Methods: A representative outbreak HuNoV strain (GII.4) was suspended in SFG or PBS, and the same solution inoculated on stainless steel coupons. The suspensions and coupons were held at room temperature for up to 42 days, with periodic recovery of virus inoculum. Viral RNA was extracted and quantified by RT-qPCR targeting the orf 1-orf 2 junction, with and without a prior RNase pre-treatment.

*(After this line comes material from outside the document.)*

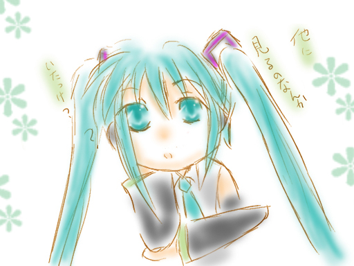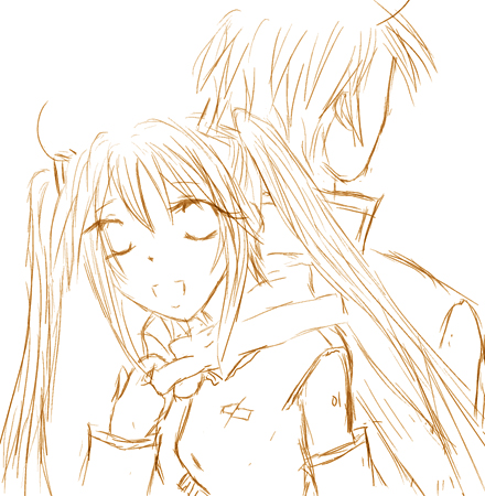 はい、ルカ様初描きです。無茶苦茶大変でした。この人細かいパーツ無ければ髪形とかは描きやすそうなのにな。これを言ったら、ミクちゃんに殺されそうですが、ある特定の部分が「ミクちゃんより大きく」と思ってたよりは小さく描いてごめんなさい(げ!あれは餅さんの所の初音ミク!)
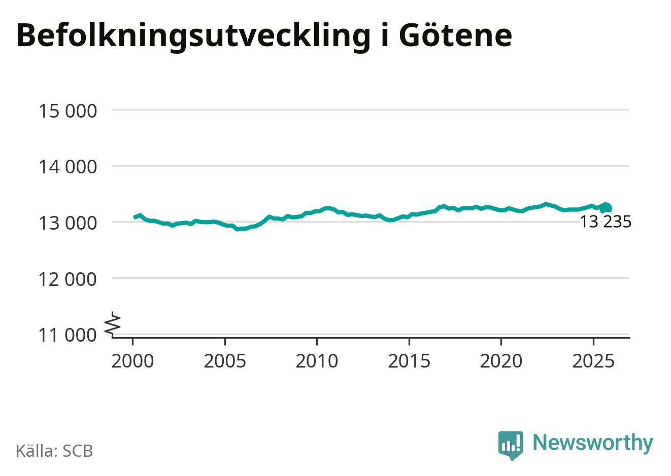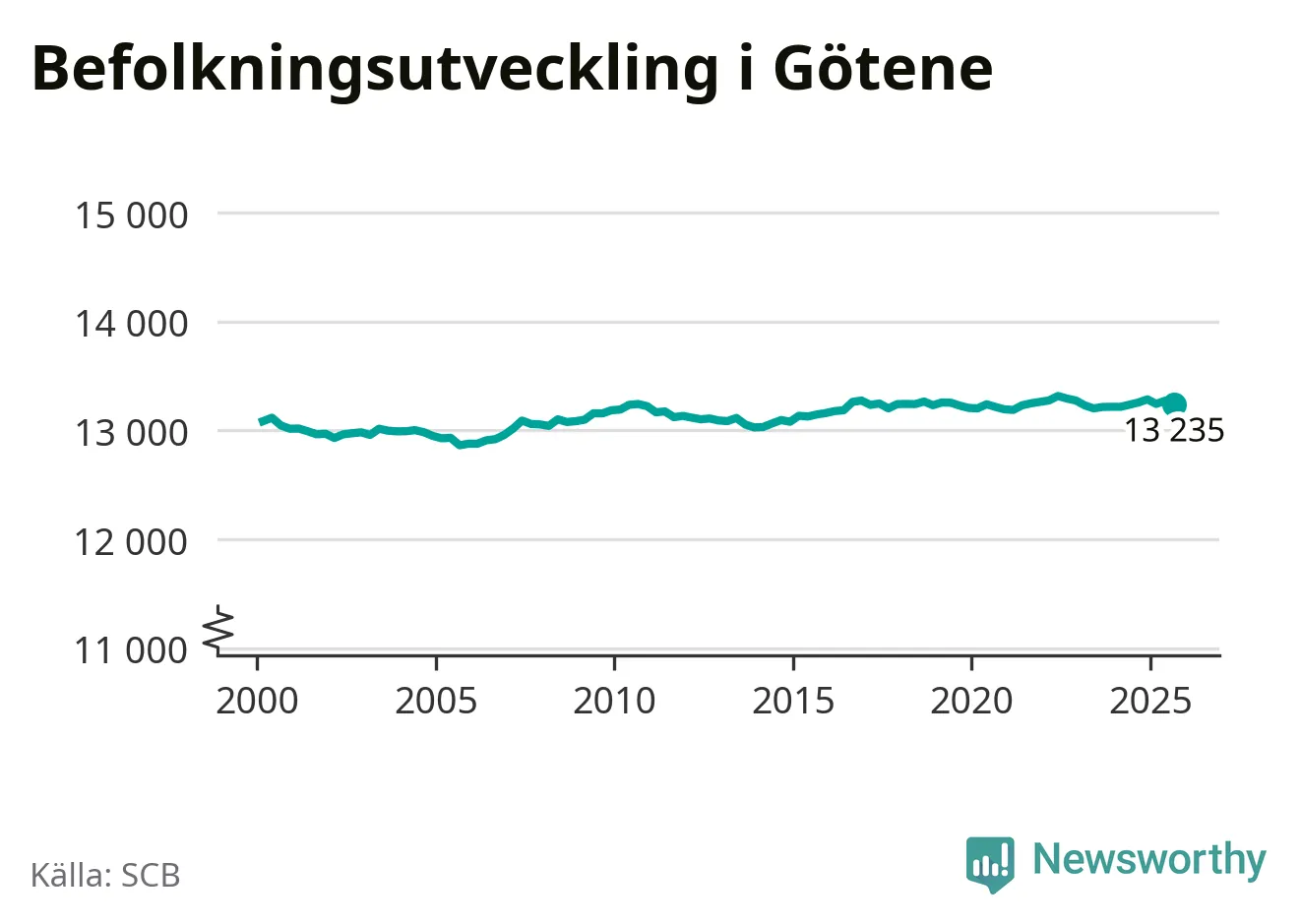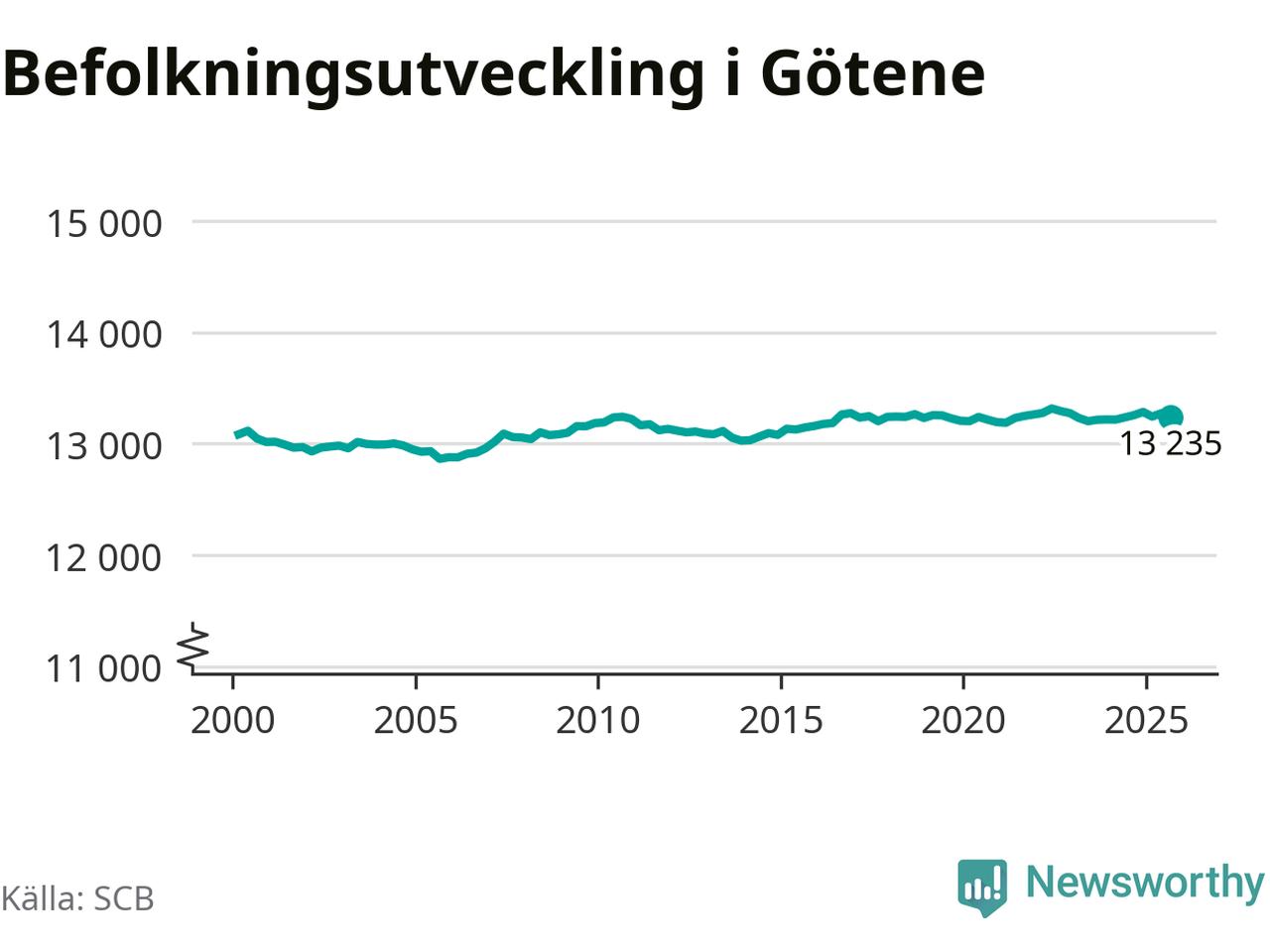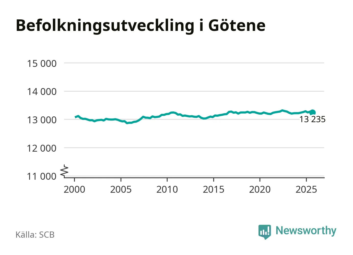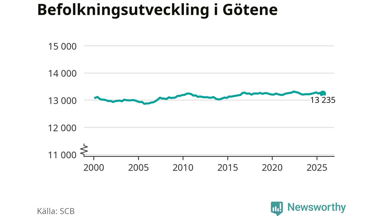 Befolkningen minskade i Götene kommun under det tredje kvartalet 2025. Den 30 september bodde enligt SCB:s senaste siffror 13 235 personer i kommunen, vilket är 39 färre än i slutet av andra kvartalet.

Results: There were no statistically significant differences (P > 0.05) between virus persistence over time when comparing RT-qPCR assays with and without prior RNase treatment except for when HuNoV was diluted in PBS and used in surface studies. In suspension assays, the genome copy number of HuNoV GII.4 suspended in SGF decreased by 1.0 log over 42 days, while that for the virus suspended in PBS dropped by 0.1 log. When inoculated on stainless steel coupons, the HuNoV GII.4 genome copy number decreased by 0.03 log in 42 days for inoculum diluted in SGF, while a decrease of 2.2 log was observed for the PBS inoculum. In both cases, there were statistically significant (P < 0.05) differences between virus persistence in SGF when compared to PBS.
Significance: This study demonstrates that HuNoV suspended in vomitus-like material can persist for long periods. Such environmental persistence likely contributes to foodborne transmission, as contaminated surfaces serve as a source of contamination to foods, especially during storage or preparation.